Francis Ford Coppola believes he can stop time. It’s not just a quality of the protagonist of Coppola’s new film “Megalopolis,” a visionary architect named Cesar Catilina ( Adam Driver ) who, by barking “Time, stop!” can temporarily freeze the world for a moment before restoring it with a snap of his fingers. And Coppola isn't referring to his ability to manipulate time in the editing suite.

He means it literally. “We’ve all had moments in our lives where we approach something you can call bliss,” Coppola says. “There are times when you have to leave, have work, whatever it is.

And you just say, ‘Well, I don’t care. I’m going to just stop time.’ I remember once actually thinking I would do that.
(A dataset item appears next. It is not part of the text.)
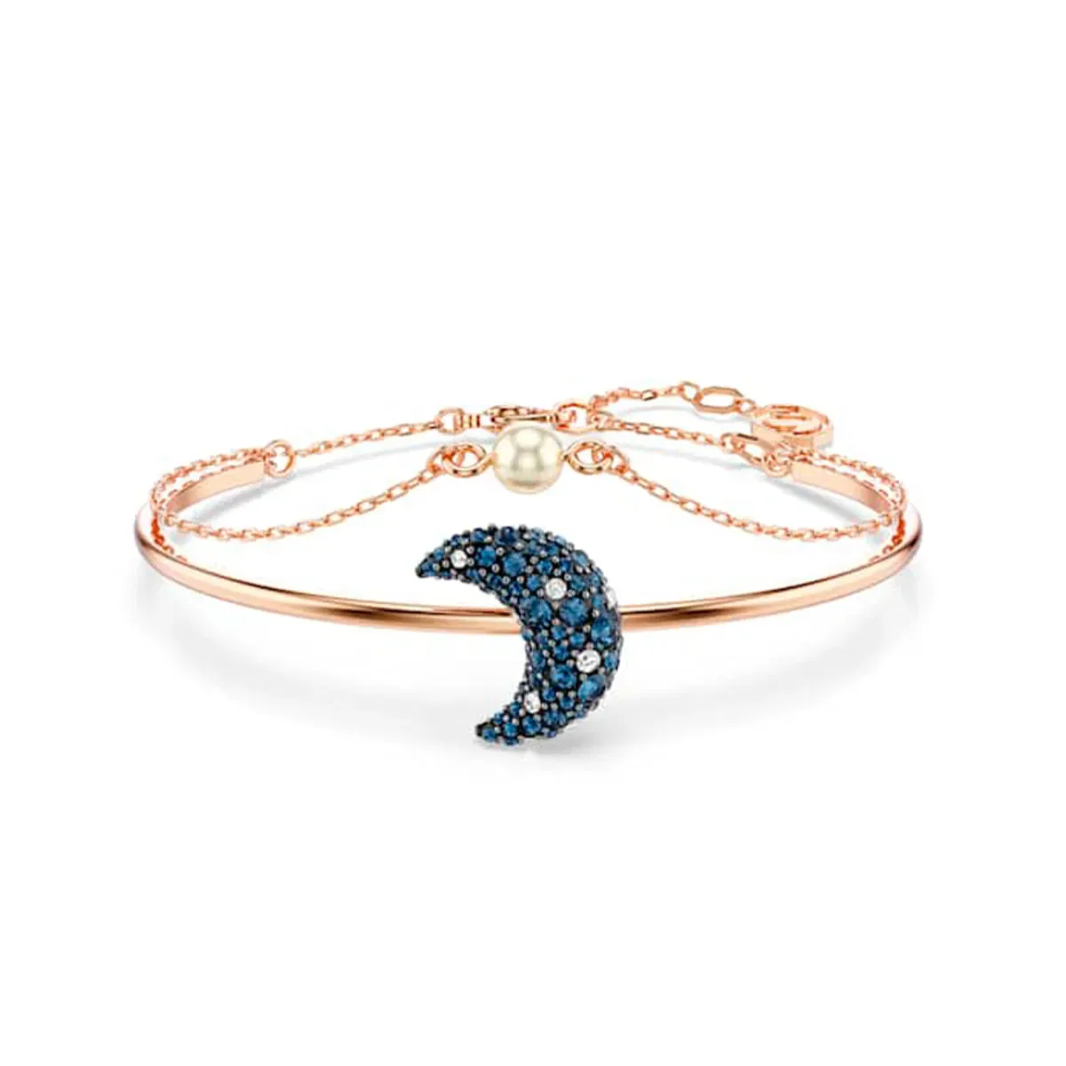 El motivo de media luna central, trabajado con pavé de cristales en tonos oscuros, aporta profundidad visual y un brillo sutil que acompaña cualquier look, de día o de noche.

” Time is much on Coppola’s mind. He’s 85 now. Eleanor, his wife of 61 years, died in April.

“Megalopolis,” which is dedicated to her, is his first movie in 13 years. He’s been pondering it for more than four decades. The film begins, fittingly, with the image of a clock.

“It’s funny, you live your life going from being a young person to being an older person. You’re looking in that direction,” Coppola said in a recent interview at a Toronto hotel before the North American premiere of “Megalopolis.” “But to understand it, you have to look in the other direction.

You have to look at it from the point of view of the older looking at the younger, which you’re receding from.” “I’m sort of thinking of my life in reverse,” Coppo.